Lembra a advogada que, naquele período, houve uma estratégia de terrorismo midiático contra o povo, quando, então, a principal mídia do país bombardeou o povo com ameaças no sentido de que se a Grécia não continuasse a pagar essa dívida o país iria quebrar e todos morreriam:. “Ameaçavam o povo grego, dizendo que se eles não se sujeitassem àquele regime opressivo o caos chegaria. Tudo isso com uma estratégia constante de esconder qualquer alternativa, ferramentas e dados que pudessem ser utilizados para defender os cidadãos contra esse regime de Memorandos”, contou.
A “Comissão da Verdade” e a realidade revelada: “Os bancos foram poupados, o povo foi condenado!”
Sobre essas ferramentas utilizadas em defesa do povo grego, a expositora conta que, em 2015, foi criada pelo Parlamento Helênico uma ‘Comissão da Verdade’, que realizou auditoria da dívida pública. Conforme destaca, essa foi a primeira e única comissão no solo da União Europeia que, de fato, decodificou a dívida, revelando a verdade de como ela havia sido criada. “A comissão produziu conclusões preciosas. Seu relatório, de junho de 2015, mostra que a dívida da Grécia não consegue ser paga e não vai ser, estando ligada a práticas ilegais dos chamados ‘credores’. Revela ainda que 92% do dinheiro supostamente entregue à Grécia como empréstimos nunca foi mandado para qualquer destino grego, indo diretamente para os credores. E mais: que só 8% do dinheiro acabou em alguma conta do Estado da Grécia”, revelou. Zoe acrescenta que o relatório também torna claro que dívida grega é o resultado da corrupção em grande escala e da manipulação das estatísticas pelo governo da Grécia, juntamente como a Agência de Estatística Europeia.
Continuando a falar sobre o importante trabalho desenvolvido pela “Comissão da Verdade”, a palestrante ressalta que o relatório também demonstrou que, desde 2010, ou seja, desde o primeiro momento em que a Grécia foi submetida ao regime dos credores, “entre eles o FMI, que vocês conhecem muito bem”, eles (os credores) tinham conhecimento de que essas medidas, a longo prazo, trariam recessão ao país: “O FMI sabia que as medidas impostas ao país resultariam na miséria da população e na ruptura do tecido social, como, de fato, ocorreu. O FMI tinha conhecimento de que as reformas causariam danos à população e, apesar disso, escolheu trazer esses danos”, lamentou a ex-presidente do Parlamento Grego.
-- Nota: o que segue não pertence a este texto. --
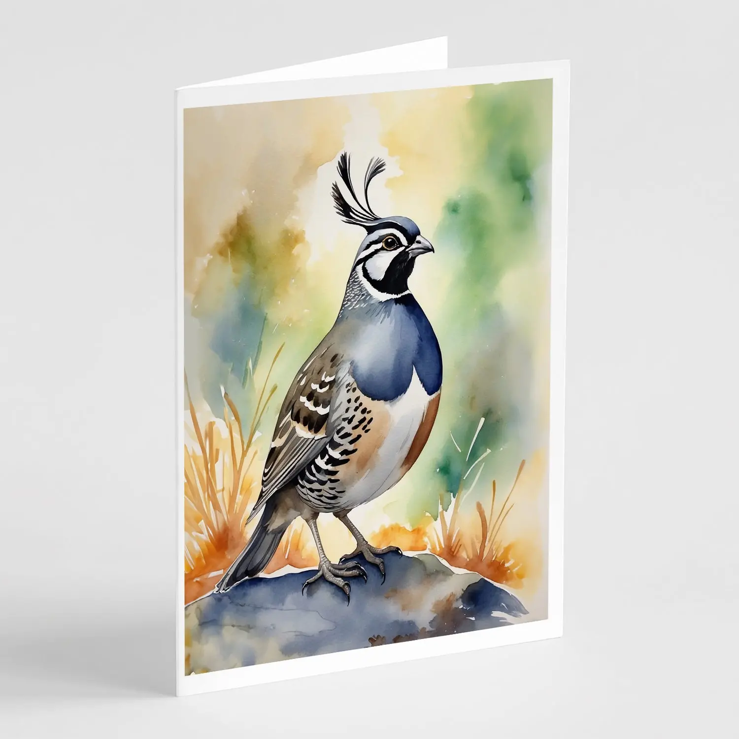 Greeting Cards Pack of 8 featuring breed specific California Quail artwork. Celebrate special moments with Caroline’s Treasures Printed Greeting Card Pack. This pack includes eight beautifully folded 5×7 cards, accompanied by eight matching white envelopes. With blank interiors, these cards provide ample space for your personalized messages and heartfelt holiday greetings. Each card features captivating full-color artwork, meticulously printed in our facility on high-quality 80 lb cover stock or 216 GSM. The super smooth finish of the white cards enhances the visual impact of the artwork, creating a truly stunning presentation. Designed by our talented in-house artists or licensed artists, the artwork on these cards showcases their creativity and attention to detail. From vibrant illustrations to captivating designs, each card tells its own unique story. Whether it’s for birthdays, anniversaries, holidays, or any special occasion, Caroline’s Treasures Greeting Card Pack is the perfect way to convey your heartfelt sentiments. Share joy, love, and warm wishes with these exquisite cards and make every moment unforgettable.

A expositora destacou a importância de que esses fatos apurados pela Comissão da Verdade sejam revelados e discutidos no Brasil, especialmente no TRT mineiro: “Essa discussão aqui é muito importante! Vocês sabem muito bem o que é o FMI!”, registrou e lançou o questionamento, seguido da resposta lacônica: “E por que o FMI e a União Europeia decidiriam causar tantos danos à população grega? Eu diria que pelas mesmas razões que decidiram trazer grandes danos à população brasileira nos anos 80, assim como para muitos países da América Latina e, durante a década de 2010, para três outros países: Irlanda, Chipre e Portugal. Por dinheiro, por poder, para garantir que uma minoria privilegiada governe a maioria, assegurando-lhes ganhos cada vez mais altos em cima da miséria do povo”
Segundo Zoe Konstantopoulou, o trabalho na Comissão da Verdade comprovou que o Memorando imposto para o pagamento da dívida pública da Grécia, aliás, uma dívida ilegal, não teve o objetivo de salvar o povo, mas o sistema bancário, especificamente os bancos franceses e alemães que, em 2010, tinham dezenas de milhões de euros em títulos gregos e, também, os bancos privados gregos em 2012: “E tudo isso às expensas do povo que continuava a sofrer e até morrer. Crianças, idosos, pessoas de todas as idades morriam pelas péssimas condições de vida e tudo isso foi perversamente calculado como resultado das medidas impostas à população. Os bancos foram poupados, o povo foi condenado!” – lamentou, mais uma vez, a jurista.
Brasil e Grécia e o desmantelamento dos direitos sociais - “Eventuais semelhanças não serão meras coincidências”
Na ótica da expositora, o que é mais terrível, além de tudo isso, é que o sistema de memorandos para o pagamento da dívida pública ainda continua a ser imposto ao povo grego! E, nesse ponto, ela faz uma importante reflexão, traçando um paralelo, entre a situação vivida pela Grécia e momentos bastante parecidos vividos pelo Brasil e pelos demais países da América Latina: “Eu digo sempre que, se nós, na Grécia, soubéssemos o que tinha acontecido no Brasil e na América Latina nos anos 80, estaríamos muito melhor preparados para nos defender desse regime perverso!”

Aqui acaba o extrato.